Adobe indemnity clause designed to ease enterprise fears about AI-generated art

When it comes to artworks created by generative AI, enterprise users have specific legal concerns around permissions – and Adobe has recognized those worries. That’s why the company has written an indemnity clause that states that Adobe will pay any copyright claims related to works generated in Adobe Firefly, the company’s generative AI art creation tool.

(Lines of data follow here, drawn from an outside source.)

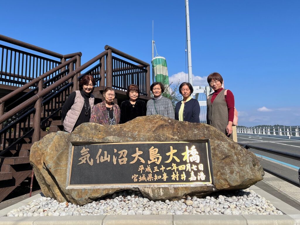あさひな女性部大和支部は10月30日、支部役員移動研修会を開催し、同支部の役員6人が気仙沼市を訪れました。 気仙沼大島大橋を歩いて渡り、展望台の前で記念撮影をしたほか、旅館「明海荘」では、女将の村上かよさんが語り部として、震災当時にお互いに助け合い、困難を乗り越えた経験談や、被災後に出会った全国各地の人々とのエピソードを語りました。当時出会った人々との交流が現在も続いていることを知り、役員は感銘を受けました。
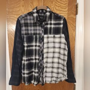 Soft brushed flannel in a mix of plaids adds a lively note to a classic shirt that goes further on the fun spectrum with a kicky fringed hem. 26 1/2" length, ( Size Medium ) Spread collar Long sleeves with button cuffs 60% rayon, 40% cotton Hand wash, line dry Imported
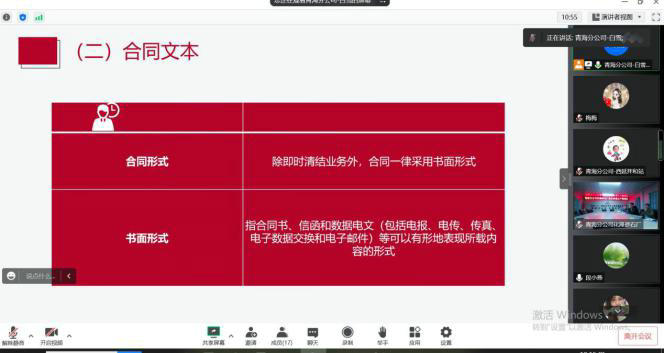 分公司以提升職工需求為出發(fā)點(diǎn),多角度出發(fā),采取領(lǐng)導(dǎo)班子、各部室負(fù)責(zé)人及骨干人員內(nèi)部培訓(xùn)方式,針對工作中的重點(diǎn)、難點(diǎn)、弱點(diǎn)和職工關(guān)注的問題制定培訓(xùn)學(xué)習(xí)計(jì)劃。近一個月以來,已開展線上培訓(xùn)活動5次,分別從合同審批管理、合同日常管理、成本管理、外聘人員管理、機(jī)械設(shè)備管理、冬季施工安全質(zhì)量管理以及拌和站竣工報(bào)告編制等方面展開培訓(xùn),并對工作中遇到的問題進(jìn)行討論,在學(xué)習(xí)文件精神及理論知識的同時(shí),結(jié)合實(shí)際工作經(jīng)驗(yàn),進(jìn)一步提升各單位的管理能力以及職工的工作能力。
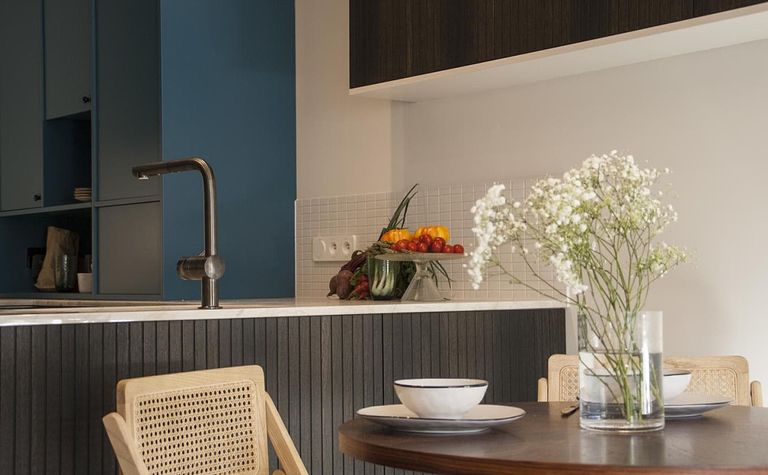 Kuchnia z niebieskimi akcentami i drewnianym blatem

In a statement about the clause, the company specifically refers to these enterprise customers:

With Firefly, Adobe will also be offering enterprise customers an IP indemnity, which means that Adobe would protect customers from third party IP claims about Firefly-generated outputs.

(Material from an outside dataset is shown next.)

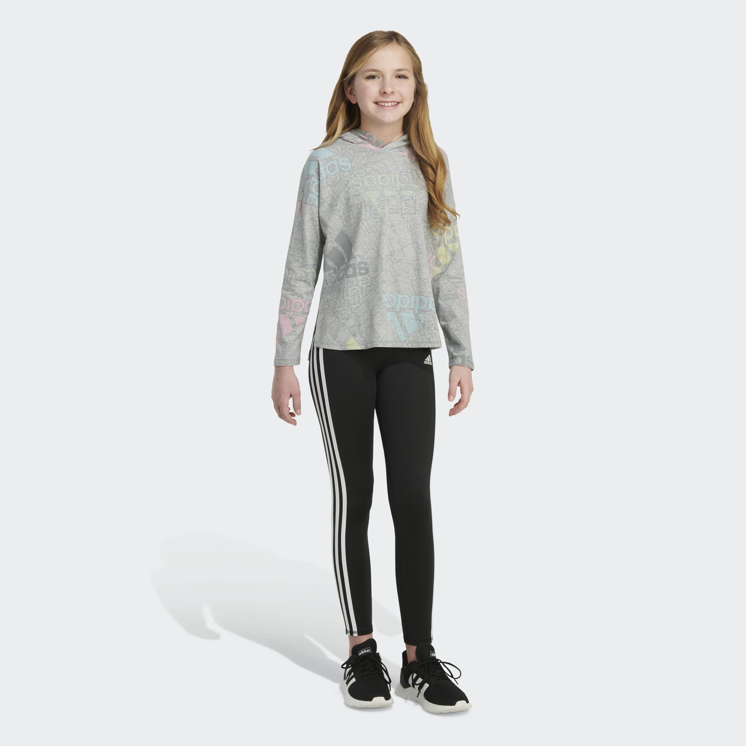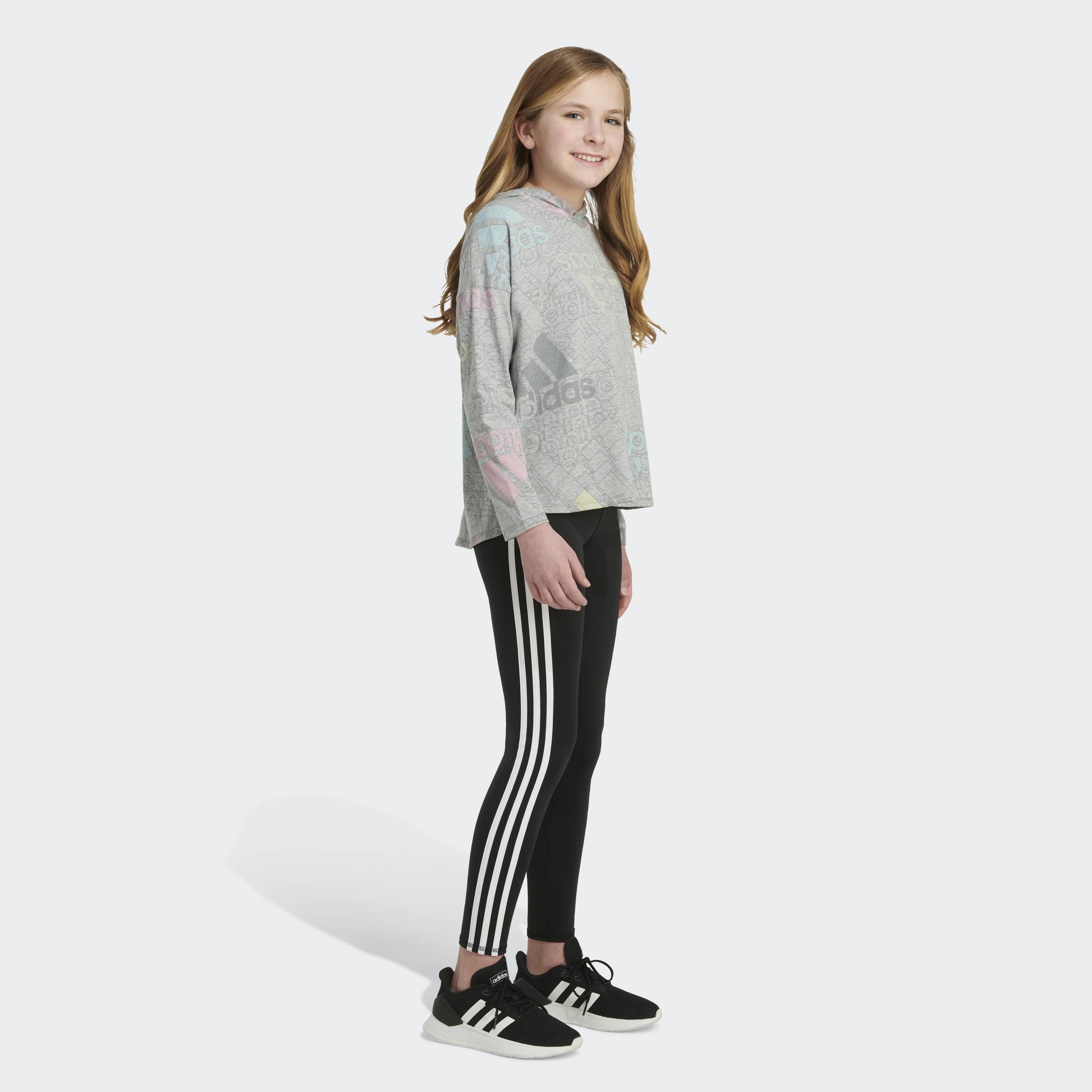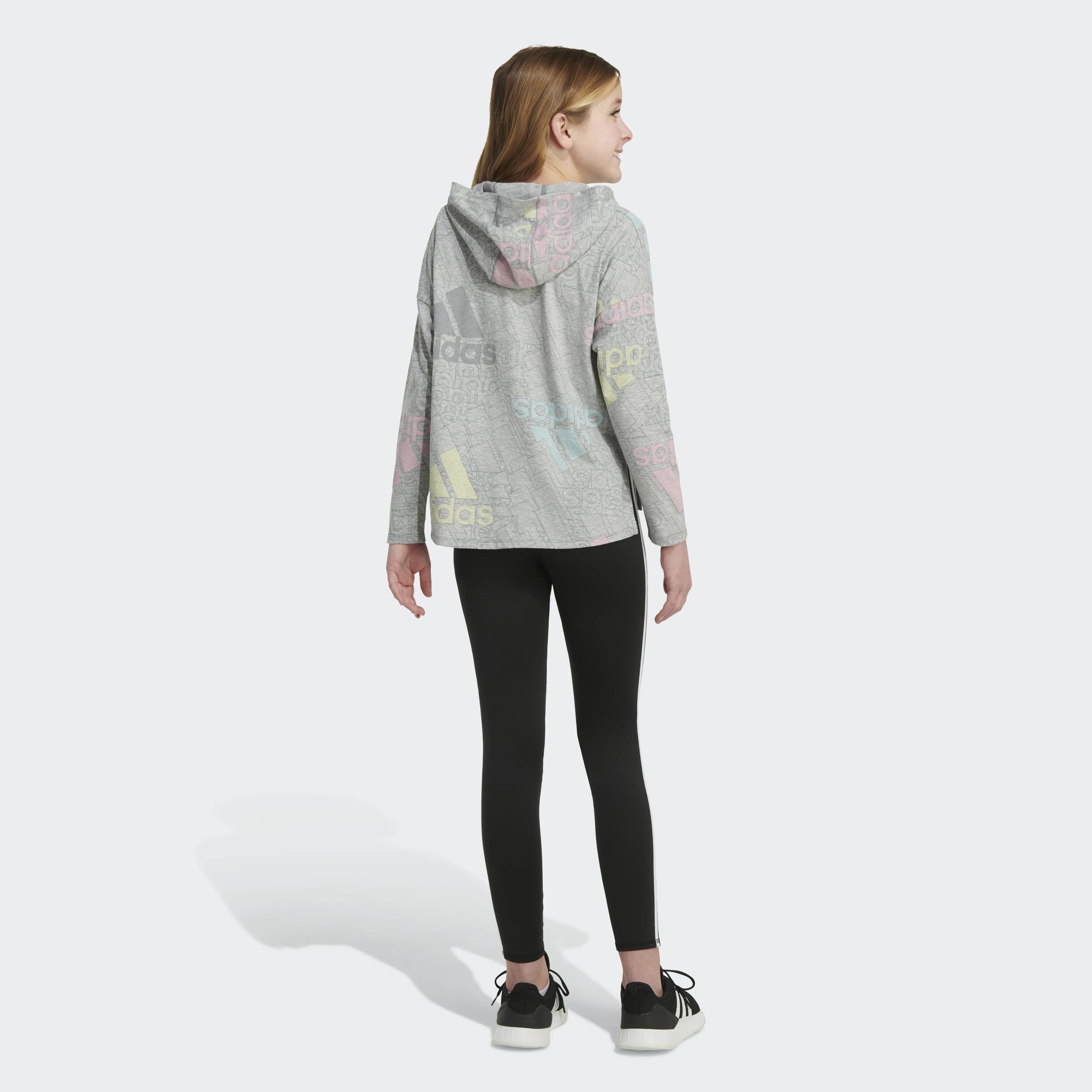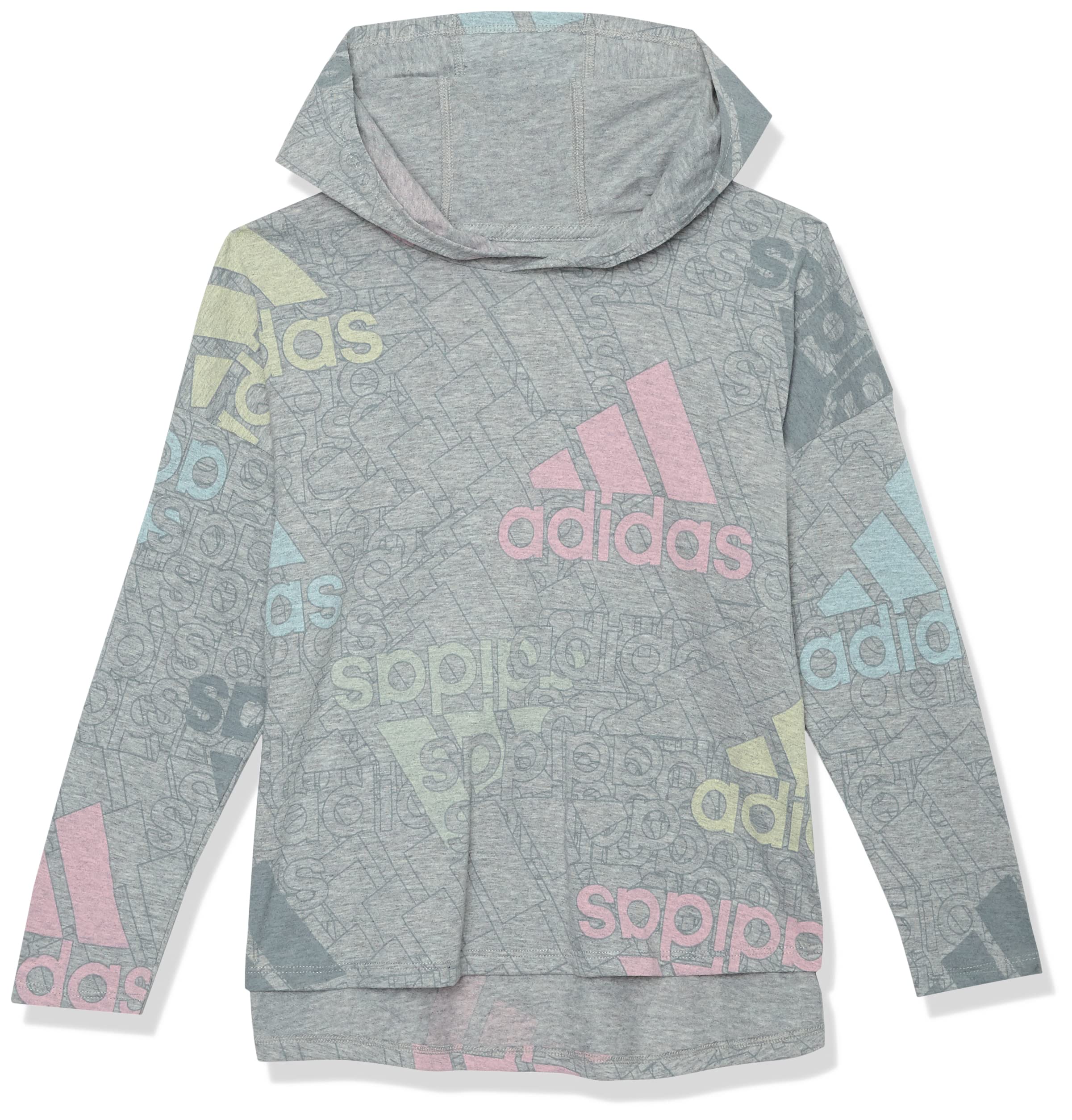 adidas Girls' Long Sleeve Hooded Graphic Tee, Grey Heather with Multicolor, Medium (10/12)

That means the company is prepared to pay out any claims should a customer lose a lawsuit over the use of Firefly-generated content.

The company knows that enterprise customers are worried about creating artwork in this way. Speaking at the Upfront Summit earlier this year, prior to the release of Firefly, Adobe chief strategy officer Scott Belsky said that Adobe talked to companies about this and the enterprise position was crystal clear:

“A lot of our very big enterprise customers are very concerned about using generative AI without understanding how it was trained. They don’t see it as viable for commercial use in a similar way to using a stock image and making sure that if you’re going to use it in a campaign you better have the rights for it — and model releases and everything else. There’s that level of scrutiny and concern around the viability for commercial use,” he said.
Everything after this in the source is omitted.